| INPUT |
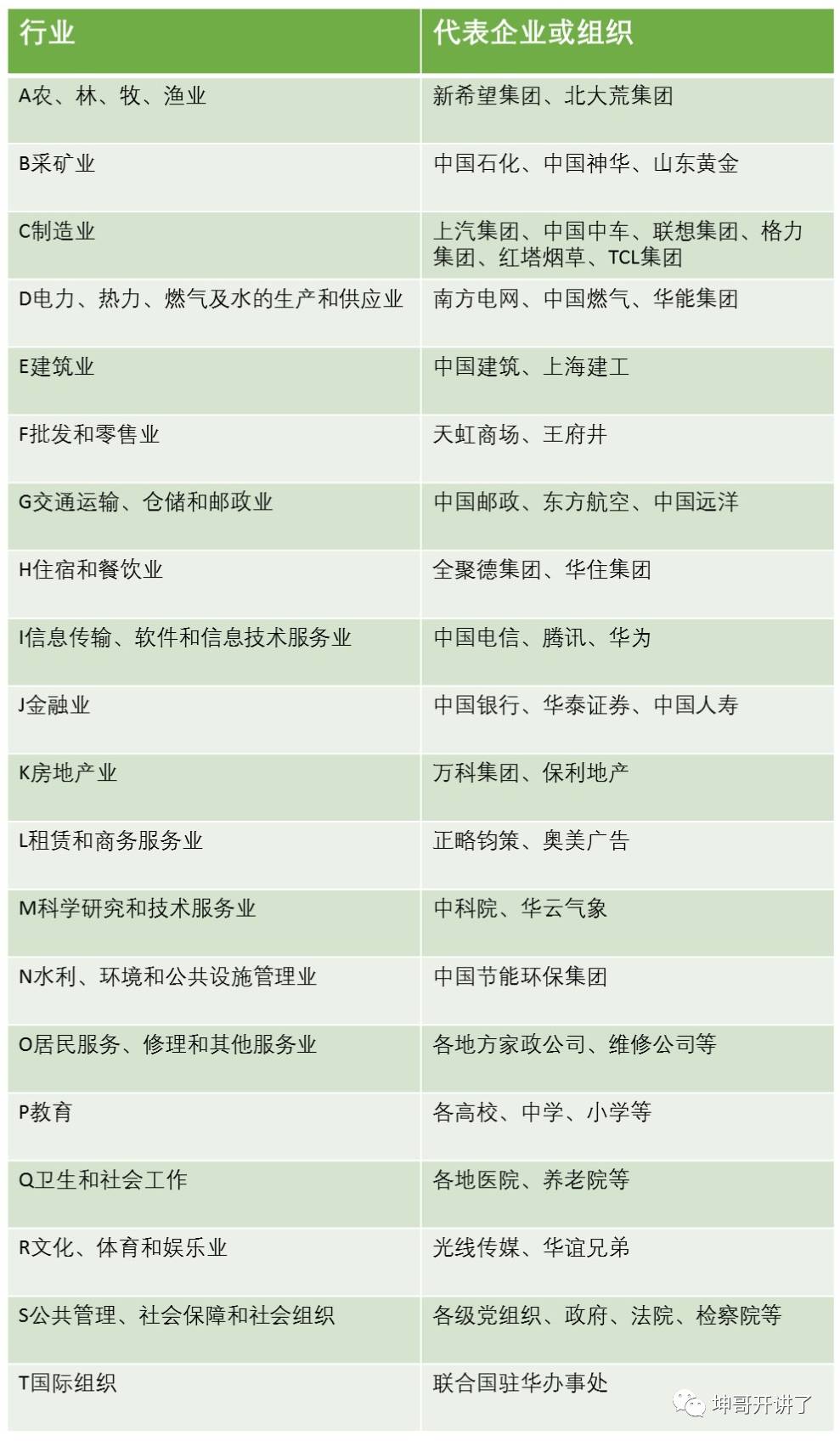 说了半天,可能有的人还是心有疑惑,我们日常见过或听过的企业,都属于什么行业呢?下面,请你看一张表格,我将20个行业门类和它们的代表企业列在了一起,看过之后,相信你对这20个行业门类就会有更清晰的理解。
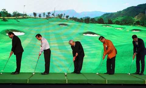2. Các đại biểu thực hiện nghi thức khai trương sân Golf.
==
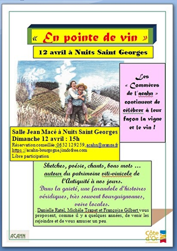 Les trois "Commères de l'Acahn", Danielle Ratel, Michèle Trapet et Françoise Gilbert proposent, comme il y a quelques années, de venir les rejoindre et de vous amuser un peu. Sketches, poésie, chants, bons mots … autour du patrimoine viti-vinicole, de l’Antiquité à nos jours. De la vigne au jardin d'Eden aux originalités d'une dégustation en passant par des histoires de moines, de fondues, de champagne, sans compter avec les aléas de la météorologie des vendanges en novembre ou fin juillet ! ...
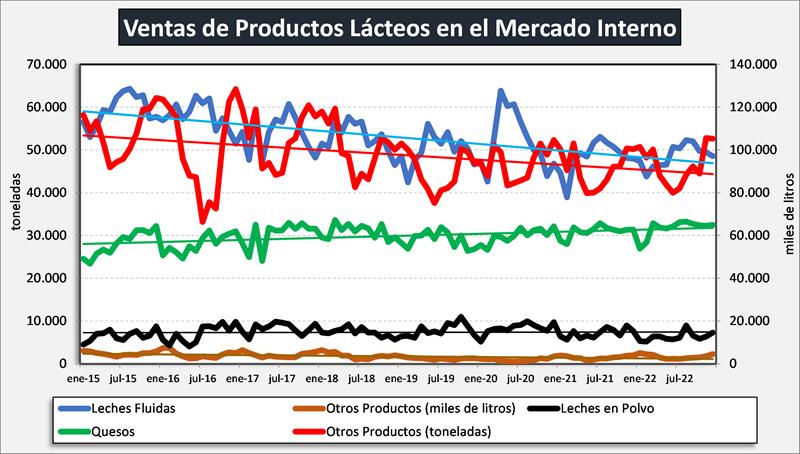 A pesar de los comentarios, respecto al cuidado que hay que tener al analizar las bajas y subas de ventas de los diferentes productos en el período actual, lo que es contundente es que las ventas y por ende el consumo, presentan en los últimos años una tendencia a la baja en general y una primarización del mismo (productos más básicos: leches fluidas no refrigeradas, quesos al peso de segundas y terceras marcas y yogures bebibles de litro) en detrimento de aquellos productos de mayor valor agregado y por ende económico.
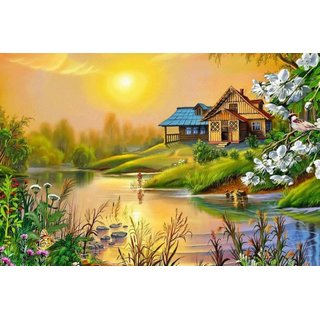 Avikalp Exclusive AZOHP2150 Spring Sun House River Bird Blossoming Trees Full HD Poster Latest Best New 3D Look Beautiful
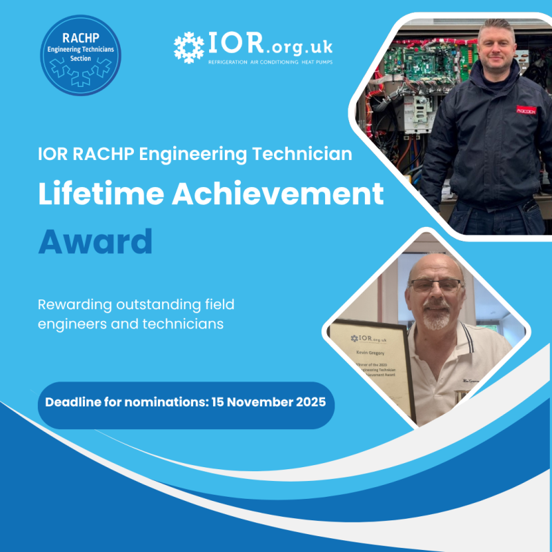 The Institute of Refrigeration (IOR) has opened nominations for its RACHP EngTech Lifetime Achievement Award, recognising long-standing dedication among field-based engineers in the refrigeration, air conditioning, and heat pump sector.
* * *
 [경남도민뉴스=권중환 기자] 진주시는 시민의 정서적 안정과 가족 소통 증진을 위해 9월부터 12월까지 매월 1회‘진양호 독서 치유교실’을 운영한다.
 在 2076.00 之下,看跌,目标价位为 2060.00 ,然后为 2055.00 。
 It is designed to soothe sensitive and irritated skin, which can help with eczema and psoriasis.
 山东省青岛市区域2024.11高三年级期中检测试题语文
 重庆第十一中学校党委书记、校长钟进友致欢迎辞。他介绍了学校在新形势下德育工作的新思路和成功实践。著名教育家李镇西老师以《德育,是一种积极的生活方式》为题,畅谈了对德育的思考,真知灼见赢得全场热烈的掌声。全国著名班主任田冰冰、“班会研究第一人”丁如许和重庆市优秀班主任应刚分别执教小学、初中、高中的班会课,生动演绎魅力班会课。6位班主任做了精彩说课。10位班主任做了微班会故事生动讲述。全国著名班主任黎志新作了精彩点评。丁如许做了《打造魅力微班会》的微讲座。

| EXERCISE GOAL |
Give again the lines of the listing above that run from the one with "说了半天,可能有的人还是心有" up to and including the one with "2. Các đại biểu". Keep them exact and omit the pictures.

| EXERCISE OUTPUT |
 说了半天,可能有的人还是心有疑惑,我们日常见过或听过的企业,都属于什么行业呢?下面,请你看一张表格,我将20个行业门类和它们的代表企业列在了一起,看过之后,相信你对这20个行业门类就会有更清晰的理解。
2. Các đại biểu thực hiện nghi thức khai trương sân Golf.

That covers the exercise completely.